Look through the entries below for the line with "车身颜色方面,新车提供7种配" and the line with "白口古董火車行駛在貫穿美、加", then give again exactly those two lines and all lines between them, minus the pictures.

- EXCERPTED DATA
# # # #
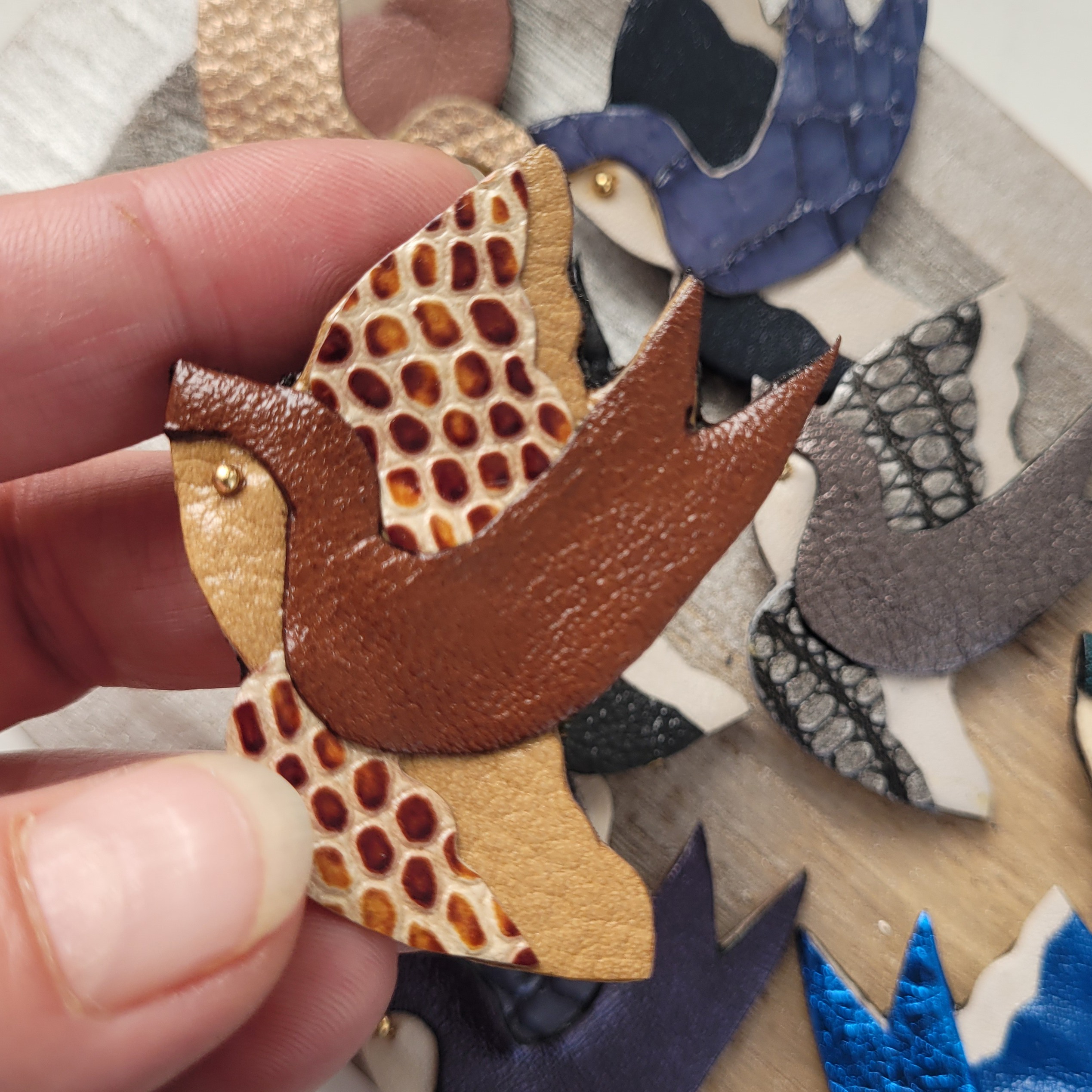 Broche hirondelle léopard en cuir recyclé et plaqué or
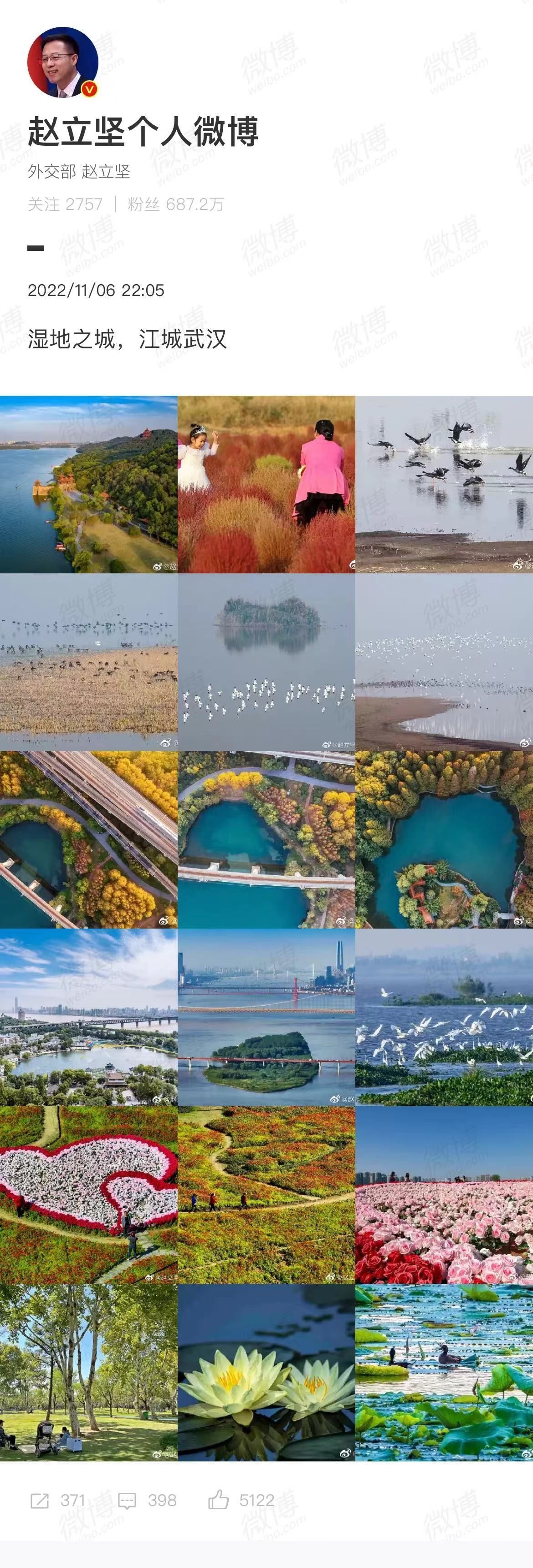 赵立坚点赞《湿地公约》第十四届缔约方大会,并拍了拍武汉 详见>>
# # # #
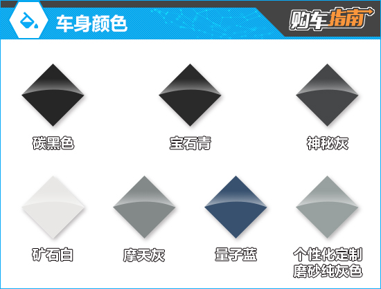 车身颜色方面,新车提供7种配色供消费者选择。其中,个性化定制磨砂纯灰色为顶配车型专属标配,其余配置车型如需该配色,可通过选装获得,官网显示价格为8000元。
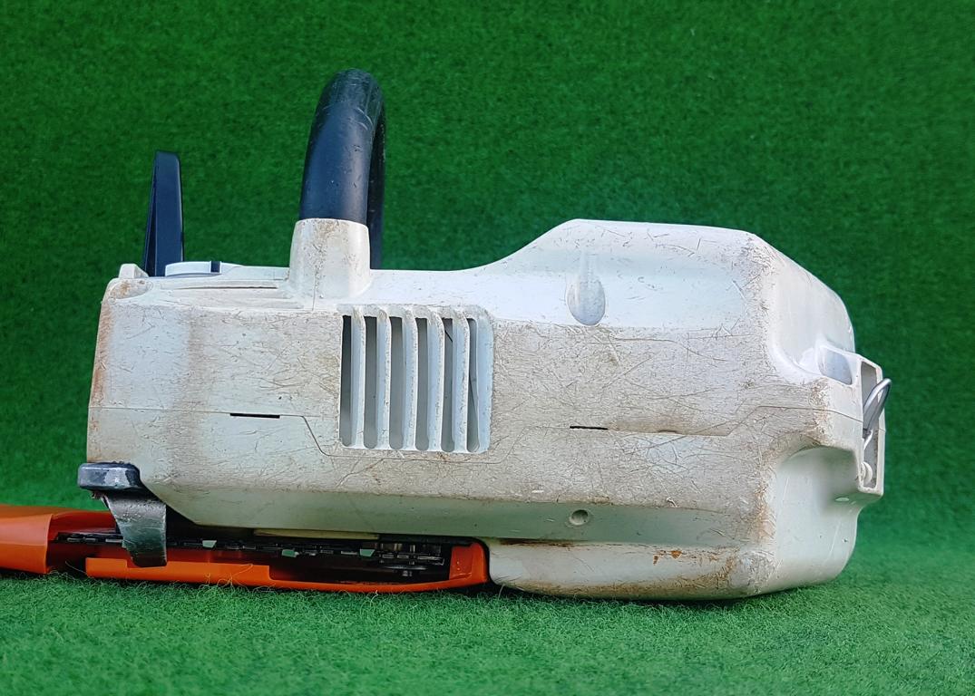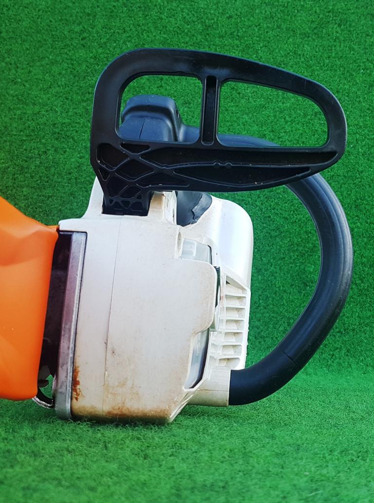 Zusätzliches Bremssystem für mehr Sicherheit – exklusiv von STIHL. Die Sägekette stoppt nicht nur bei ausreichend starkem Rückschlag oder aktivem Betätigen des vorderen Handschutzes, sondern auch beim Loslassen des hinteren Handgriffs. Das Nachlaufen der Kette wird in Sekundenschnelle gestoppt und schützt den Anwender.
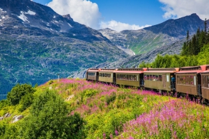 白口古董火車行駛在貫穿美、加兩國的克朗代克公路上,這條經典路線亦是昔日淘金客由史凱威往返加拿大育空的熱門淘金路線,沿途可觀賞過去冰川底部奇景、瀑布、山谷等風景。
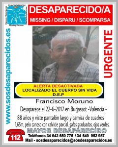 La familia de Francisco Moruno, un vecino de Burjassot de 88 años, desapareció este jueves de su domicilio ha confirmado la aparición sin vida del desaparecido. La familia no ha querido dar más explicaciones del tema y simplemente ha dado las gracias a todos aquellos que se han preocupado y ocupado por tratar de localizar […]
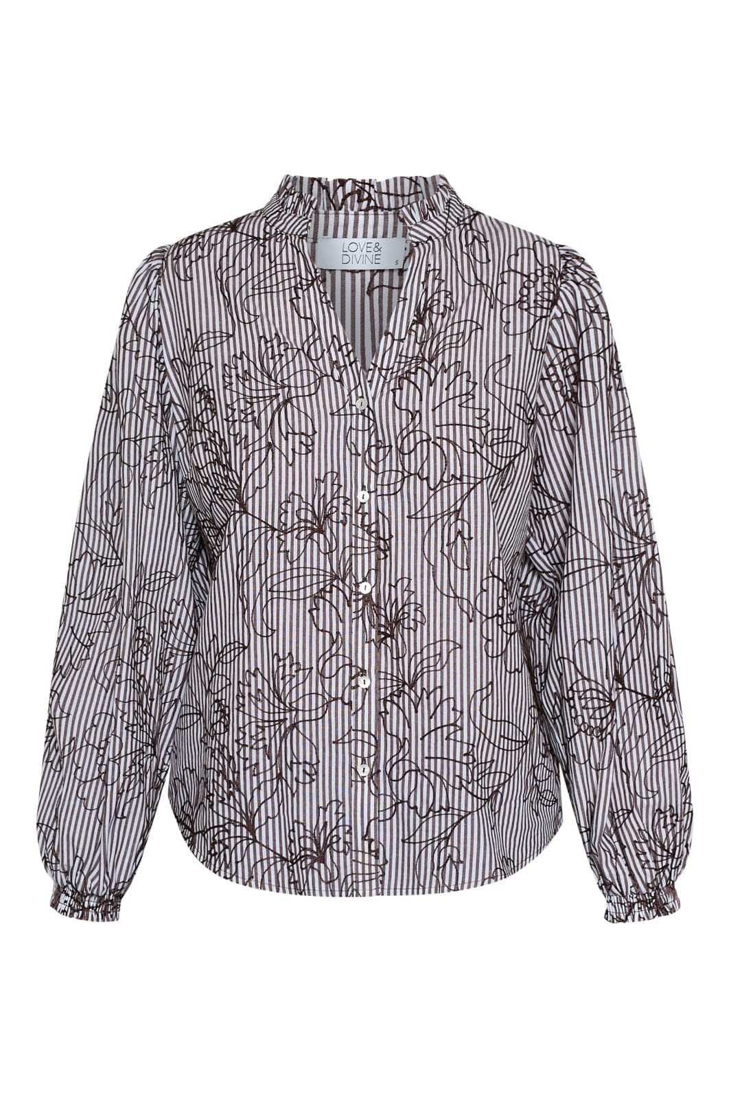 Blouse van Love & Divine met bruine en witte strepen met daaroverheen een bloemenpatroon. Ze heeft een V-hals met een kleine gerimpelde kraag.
# # # #
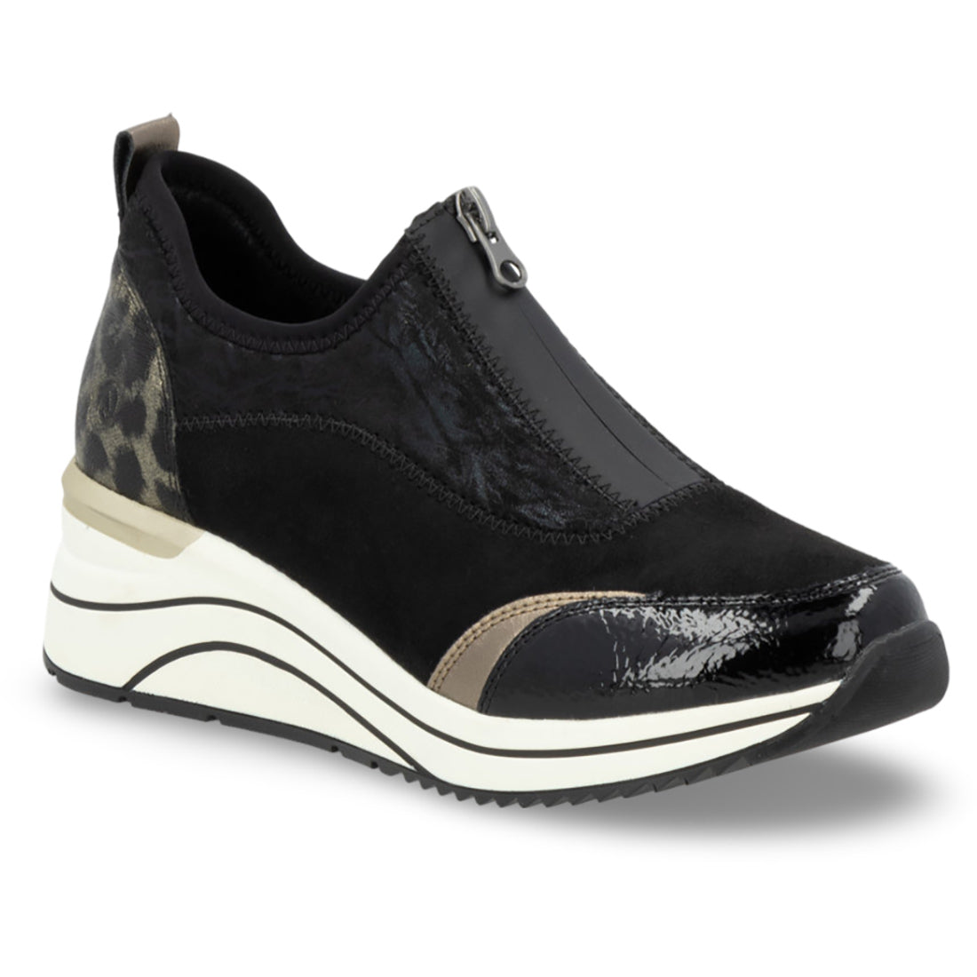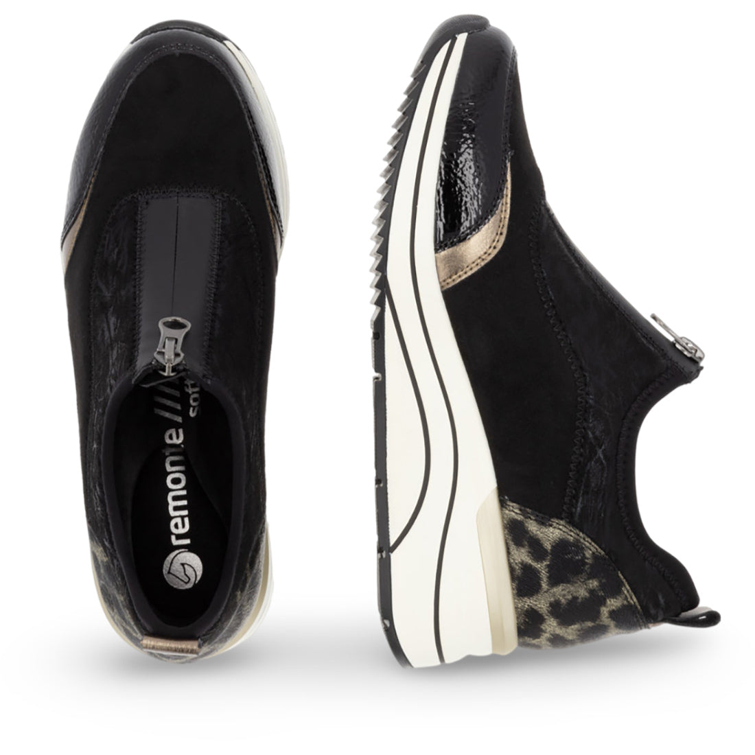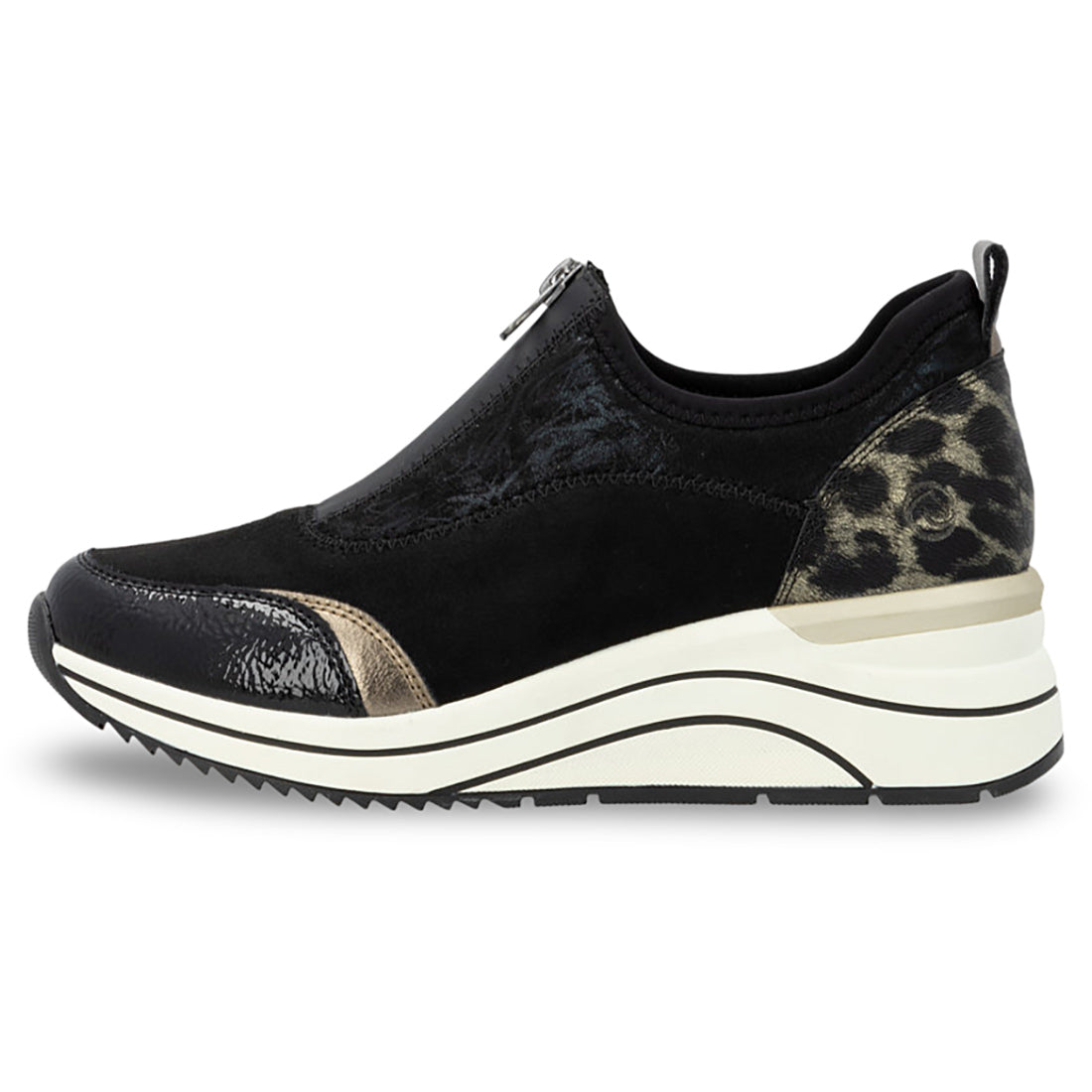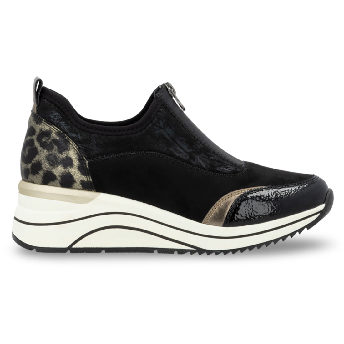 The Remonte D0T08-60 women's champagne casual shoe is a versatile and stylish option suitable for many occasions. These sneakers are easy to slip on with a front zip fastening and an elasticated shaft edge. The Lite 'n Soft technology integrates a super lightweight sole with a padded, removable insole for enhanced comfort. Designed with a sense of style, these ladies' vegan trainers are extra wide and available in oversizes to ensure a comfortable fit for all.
# # # #
- YOUR RESPONSE
 车身颜色方面,新车提供7种配色供消费者选择。其中,个性化定制磨砂纯灰色为顶配车型专属标配,其余配置车型如需该配色,可通过选装获得,官网显示价格为8000元。
 Zusätzliches Bremssystem für mehr Sicherheit – exklusiv von STIHL. Die Sägekette stoppt nicht nur bei ausreichend starkem Rückschlag oder aktivem Betätigen des vorderen Handschutzes, sondern auch beim Loslassen des hinteren Handgriffs. Das Nachlaufen der Kette wird in Sekundenschnelle gestoppt und schützt den Anwender.
 白口古董火車行駛在貫穿美、加兩國的克朗代克公路上,這條經典路線亦是昔日淘金客由史凱威往返加拿大育空的熱門淘金路線,沿途可觀賞過去冰川底部奇景、瀑布、山谷等風景。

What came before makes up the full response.